Regardless of Python not being a programming language solely dedicated to data analysis, it really does have first class support for data analysis via its pandas package. Support for doing regressions is perhaps less good than Stata, and certainly a bit more verbose—but you can still do pretty much every standard operation you can think of.

Stata <==> Python#

What follows is a giant table of translations between Stata code and Python’s pandas(panel-data-analysis) package. Some of the econometrics examples below use Daniel M Sullivan’s econtools package, but you could also use statsmodels. It’s not meant to be exhaustive but it should give you a flavour of the syntax differences and, in some cases, I’ve pointed out where to find further information.
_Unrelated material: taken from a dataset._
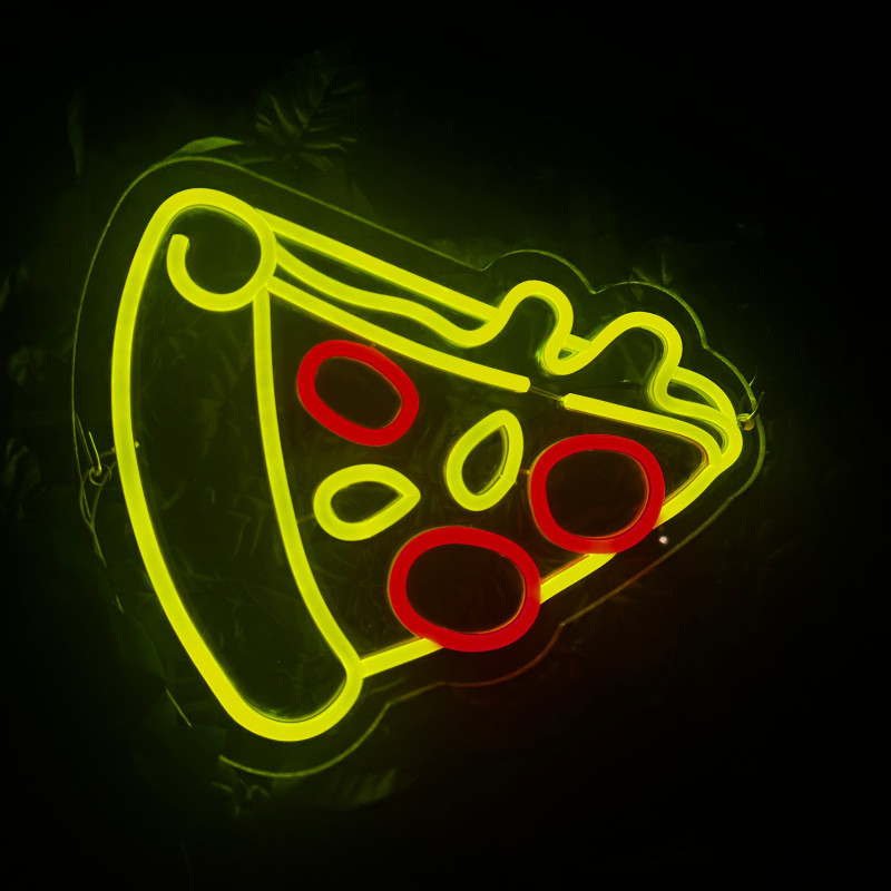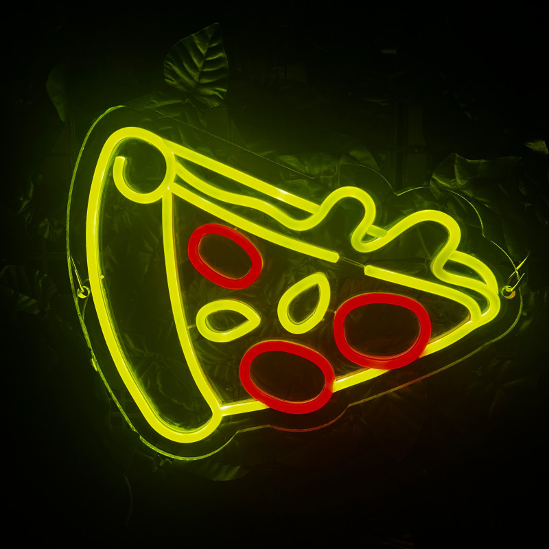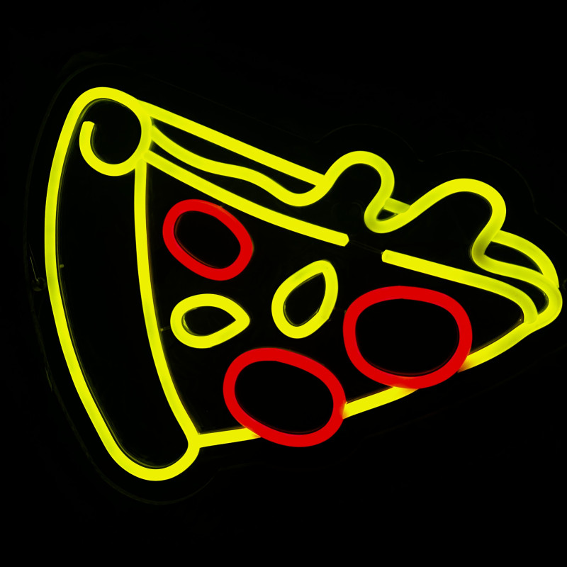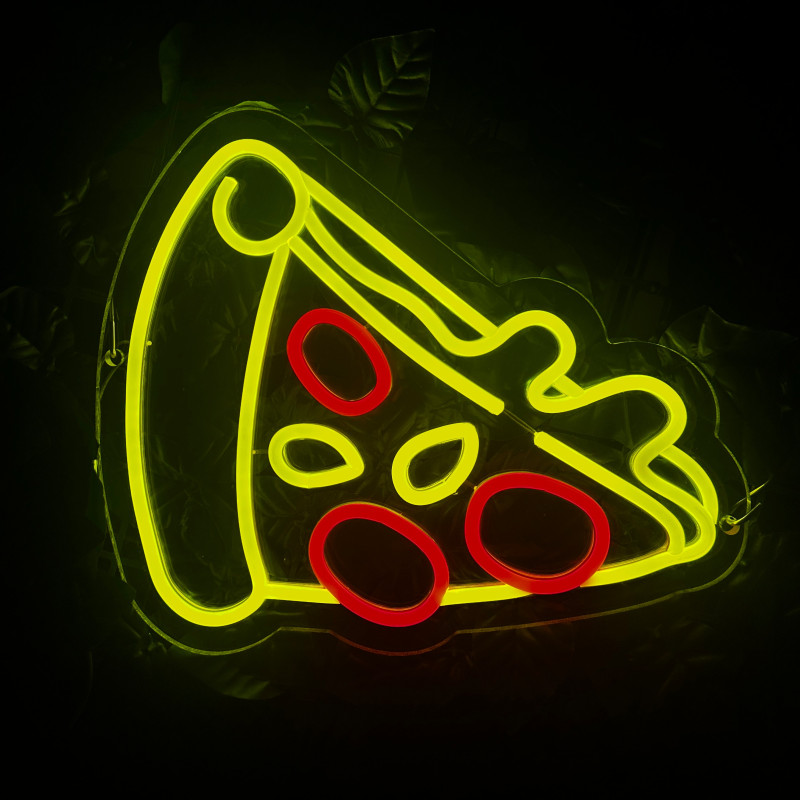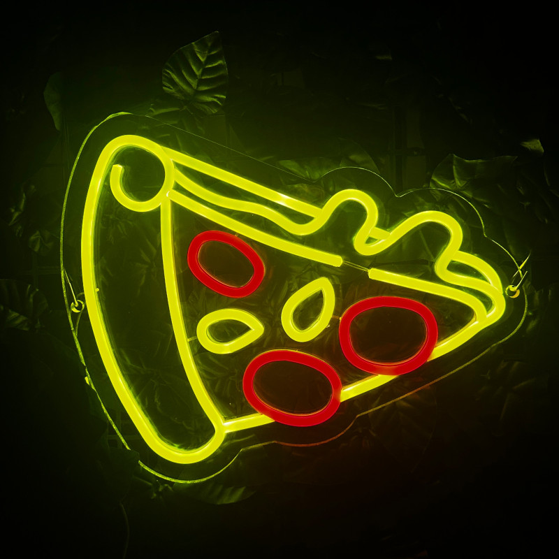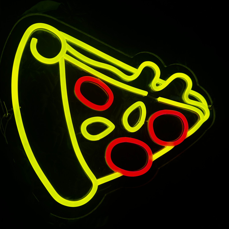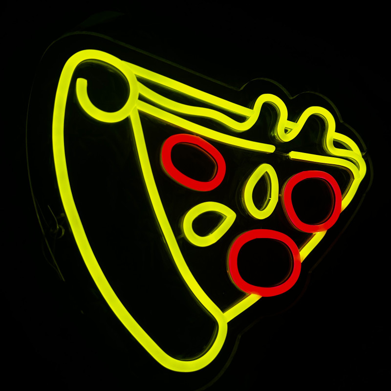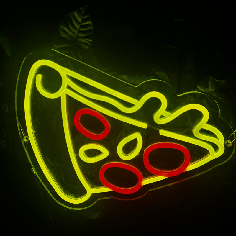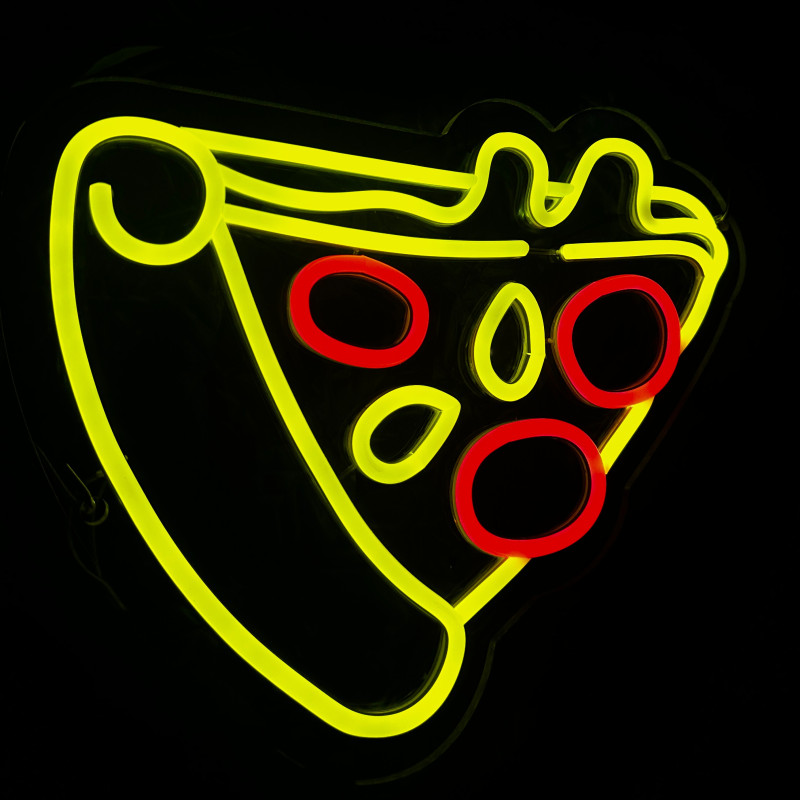 Semnul luminos în formă de felie de pizza este un magnet vizual pentru fațadă, vitrină, punct de servire sau brand wall. Profil subțire, lumină uniformă, montaj curat; vizibil de la distanță și fotogenic în foto/video. Personalizabil rapid (dimensiuni, culori — roșu/galben/verde, finisaje, contur dublu/blink) pentru orice estetică de pizzerie sau street food.

Following Daniel’s treatment, the Stata-to-Python translations assume that, in Python, you have a pandas DataFrame called df. We will use placeholders like varname for Stata variables and df['varname'] for the Python equivalent. Remember that you need to import pandas as pd before running any of the examples that use pd. For the econometrics examples, you will need import econtools.metrics as mt or other package imports as specified below.

You can find more on (frequentist) regressions in Regression.

Stata

Python (pandas)

help command

help(command)

cd directory

import os
os.chdir(‘directory’)

Best practice: don’t do this; bring the data to you!

use dtafile

df = pd.read_stata('dtafile')

use varlist using dtafile

df = pd.read_stata(‘dtafile’, columns=varlist)

import excel using excelfile

df = pd.read_excel(‘excelfile’)

import delimited using csvfile

df = pd.read_csv(‘csvfile’)

save filename, replace

df.to_stata(‘filename’)
Best practice: don’t save data in .dta files.

outsheet using filename, comma

df.to_csv(‘filename’)

export excel using filename

df.to_excel(‘filename’)
Best practice: don’t save data in Excel files.

keep if condition

df = df[condition]

drop if condition

df = df[~condition]

keep variable

df = df['variable']

keep varstem*

df = df.filter(like='varstem*')

drop variable

df = df.drop('variable', axis=1)

drop varstem*

df = df.drop(df.filter(like='varstem*').columns, axis=1)

describe

df.info()

describe variable

df['variable'].dtype

count

len(df)

count if condition

df[condition].shape[0]

summ variable

df['variable'].describe()

summ variable if condition

df.loc[condition, 'variable'].describe()

gen newvar = expression

df['newvar'] = expression

gen newvar = expression if condition

df.loc[condition, 'newvar'] = expression

replace newvar = expression if condition

df.loc[condition, 'newvar'] = expression

rename var newvar

df = df.rename(columns={var: newvar}) or df.columns=list_new_columns

subinstr(string, " ", "_", .)

df['var'].str.replace(' ', '_')

egen newvar = statistic(var), by(groupvars)

df['newvar'] = df.groupby(groupvars)['var'].transform('statistic')

collapse (sd) var (median) var (max) var (min) <var>, by(groupvars)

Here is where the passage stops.